How to Call With an Extension: A Complete Guide

Dialing a phone number with an extension trips people up more than it should — especially when you're calling from a smartphone, a VoIP system, or navigating an automated business phone tree. Here's how it actually works across different devices and scenarios.

What Is a Phone Extension?

A phone extension is a short internal number that routes your call to a specific person, department, or line within a larger phone system. When a company has one main number but dozens of employees, extensions let callers reach the right destination without needing a unique number for every desk.

Extensions are common in:

  • Corporate PBX systems (Private Branch Exchange — the internal switching hardware or software businesses use)
  • VoIP platforms like RingCentral, Zoom Phone, or Microsoft Teams
  • Auto-attendant systems that prompt you to "press 1 for sales, press 2 for support"

When you dial from outside the organization, you typically dial the main number first, wait for a prompt or connection, and then enter the extension.

How to Dial an Extension From a Smartphone 📱

Modern smartphones let you embed a pause or wait command directly into a phone number so the extension dials automatically — no manual input required mid-call.

The Two Methods: Pause vs. Wait

MethodSymbolHow It WorksBest For
Pause, (comma)Inserts a fixed ~2-second delay, then dials the extensionSystems with consistent timing
Wait; (semicolon)Pauses and waits for you to tap "Dial" before sending the extensionSystems with variable hold times

On iPhone:

  1. Open the Phone app and type the main number
  2. Press and hold the * key to insert a pause (,) or the # key to insert a wait (;)
  3. Type the extension digits after the symbol
  4. Example: 555-867-5309,204 or 555-867-5309;204

On Android:

  1. In the dialer, type the main number
  2. Tap the + or ... menu (varies by manufacturer) to find Add Pause or Add Wait
  3. Enter the extension digits
  4. The formatting looks the same: 555-867-5309,204

You can also save contacts with extensions built in using this format, so you never have to think about it again.

Dialing Extensions From a Landline or Desk Phone

On a traditional landline or office desk phone, you simply:

  1. Dial the full main number
  2. Listen for the auto-attendant or dial tone
  3. Manually enter the extension when prompted

If the system answers with a live receptionist, you'd say "Extension 204, please" and they'll transfer you. If it's an automated system, wait for the prompt and key in the digits.

Some older PBX systems require a specific access code before the extension (such as dialing 0 first or waiting for a secondary tone), so the procedure can vary slightly depending on the organization.

How to Dial Extensions on VoIP and Softphone Apps 🖥️

VoIP platforms handle extensions a bit differently depending on whether you're calling internally or externally.

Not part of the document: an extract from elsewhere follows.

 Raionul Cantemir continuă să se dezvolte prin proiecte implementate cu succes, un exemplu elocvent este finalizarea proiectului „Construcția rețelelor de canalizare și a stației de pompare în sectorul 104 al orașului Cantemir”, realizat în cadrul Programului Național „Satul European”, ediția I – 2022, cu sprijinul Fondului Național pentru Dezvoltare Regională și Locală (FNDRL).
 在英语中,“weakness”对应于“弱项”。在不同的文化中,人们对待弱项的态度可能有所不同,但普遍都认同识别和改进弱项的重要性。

Internal calls (within the same organization or platform):

  • You typically dial the extension directly — no full phone number needed
  • Example: just dial 204 in your Teams or Zoom Phone app

External calls to a company with extensions:

  • Use the same pause/wait logic as a smartphone
  • Most softphone dialers accept commas and semicolons in the dial string
  • Some apps have a dedicated extension field in the contact card

If you're using a browser-based dialer or CRM with click-to-call, check whether the system supports extension fields natively — many do, allowing you to store the main number and extension separately and dial them as one action.

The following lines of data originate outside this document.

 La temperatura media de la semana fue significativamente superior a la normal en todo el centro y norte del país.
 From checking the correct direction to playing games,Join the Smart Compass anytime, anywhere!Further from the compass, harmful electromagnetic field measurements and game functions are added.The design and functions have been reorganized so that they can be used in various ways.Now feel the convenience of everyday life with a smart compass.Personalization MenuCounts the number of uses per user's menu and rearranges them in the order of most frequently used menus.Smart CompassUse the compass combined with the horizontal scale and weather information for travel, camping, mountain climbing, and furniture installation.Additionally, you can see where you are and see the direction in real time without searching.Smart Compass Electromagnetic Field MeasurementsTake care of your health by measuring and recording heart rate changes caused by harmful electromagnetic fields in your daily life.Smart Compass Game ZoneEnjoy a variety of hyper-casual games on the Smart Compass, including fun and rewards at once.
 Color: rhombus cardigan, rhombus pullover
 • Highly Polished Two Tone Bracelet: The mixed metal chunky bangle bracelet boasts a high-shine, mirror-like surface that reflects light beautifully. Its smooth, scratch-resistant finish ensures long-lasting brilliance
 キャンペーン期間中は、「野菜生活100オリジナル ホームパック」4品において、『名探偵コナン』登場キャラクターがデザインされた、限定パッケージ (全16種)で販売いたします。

When Automatic Dialing Doesn't Work

A pause (,) assumes the system will be ready to receive digits after roughly 2 seconds. If that timing is off — because the hold music runs long or the auto-attendant is slow — the extension may fire before the system is listening. In those cases:

  • Switch to Wait (;) so you control the moment the extension dials
  • Add multiple commas (,,) to extend the delay (each comma adds ~2 seconds)
  • Enter the extension manually instead

Some systems don't accept DTMF tones (the touch-tone signals extensions rely on) at all, which means automated extension dialing simply won't work regardless of how you format the number.

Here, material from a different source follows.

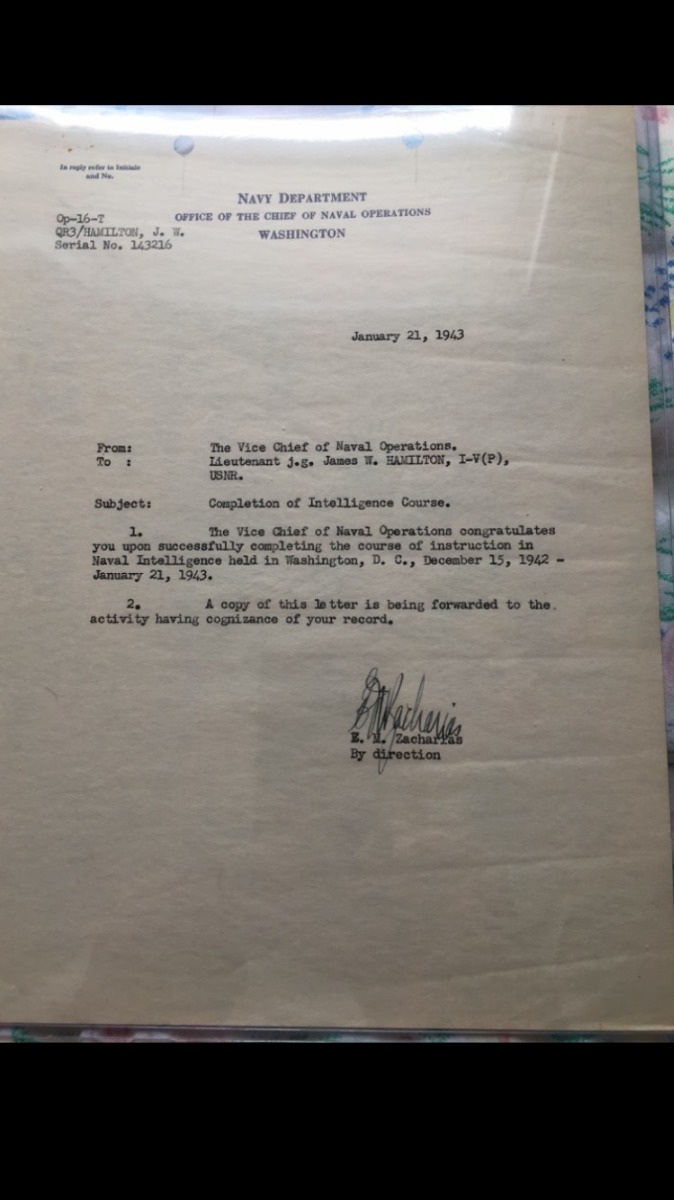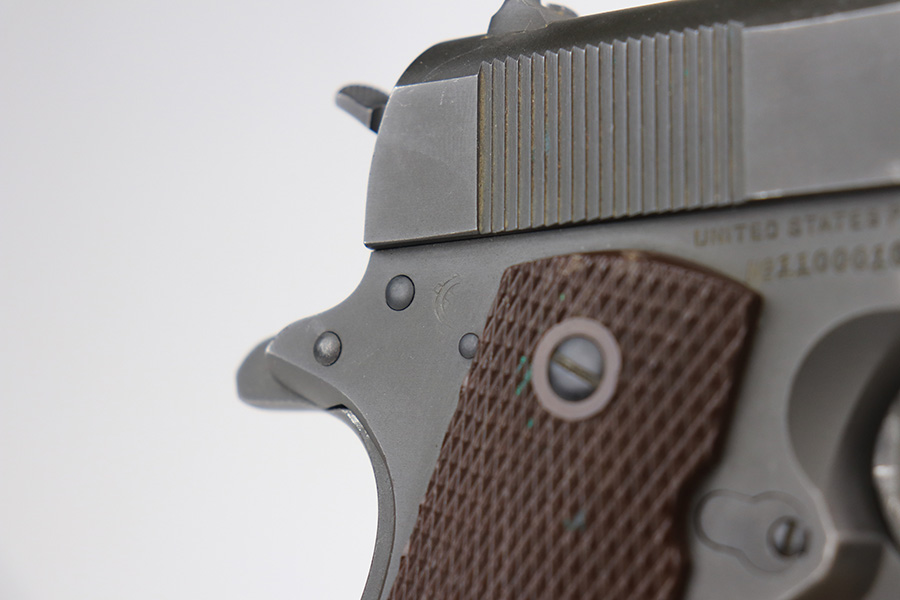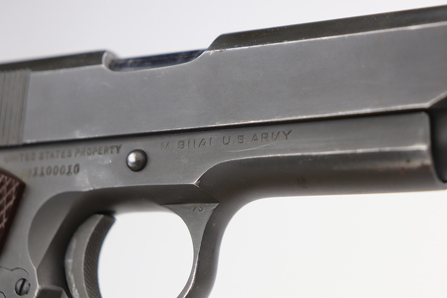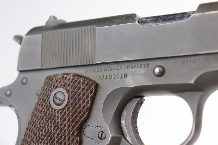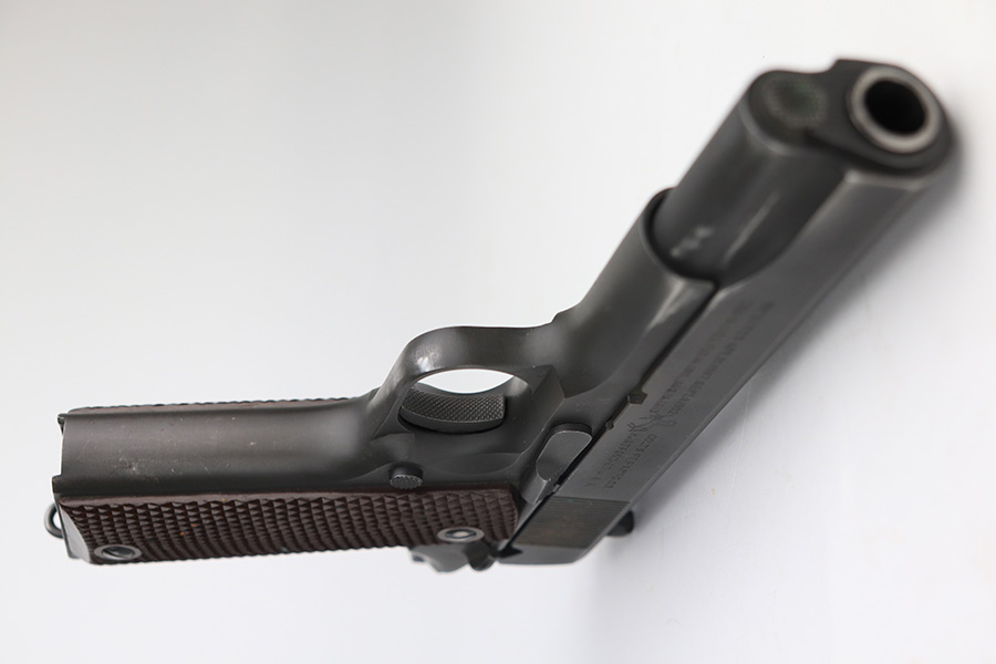 2/21/23 – This is a nice, honest example of an original Colt 1911A1 that was manufactured in 1943. This was sold to us by the nephew of the vet who it was issued to, Lt. J. Walter Hamilton. The seller doesn’t know many of the details around his uncle’s service in the war, but he does have some photos of him and a letter from the Navy Department on Hamilton’s completion of the Naval Intelligence course. This pistol would’ve been manufactured a little after the date on this document, so was presumably issued to him once he held the position of Naval Intelligence Officer. The seller let us take photos of the additional items but he wanted to keep the originals. The pistol itself has matching frame and slide with a Colt barrel that has small ‘F’ under the lug. There is some wear on the front edges of the frame and slide, and a small patch of freckling on the right side. Minor areas of finish loss here or there but no major patches of finish loss otherwise. Bore has a little freckling in the grooves but good condition overall with strong rifling. Excellent grips with no cracks.

Variables That Affect Your Experience

How smoothly this works depends on several factors that vary by setup:

  • The destination phone system — modern VoIP systems tend to be faster and more consistent; legacy PBX hardware can be unpredictable
  • Your device and OS version — the location of the pause/wait option and how it's labeled differs across Android manufacturers and iOS versions
  • Your carrier or VoIP provider — some introduce additional latency that can throw off timed pauses
  • Whether the system uses DTMF or speech recognition — speech-activated systems ("say or press your extension") don't respond to pre-programmed digit strings
  • Auto-attendant design — some systems expect extensions immediately; others play a full greeting before accepting input

For someone calling one number occasionally, manual entry is fine. For someone making dozens of calls daily through a CRM or softphone, getting the automation right — or choosing a platform that handles extensions natively — makes a real difference. Which approach makes sense depends entirely on your volume, workflow, and the systems on both ends of the call.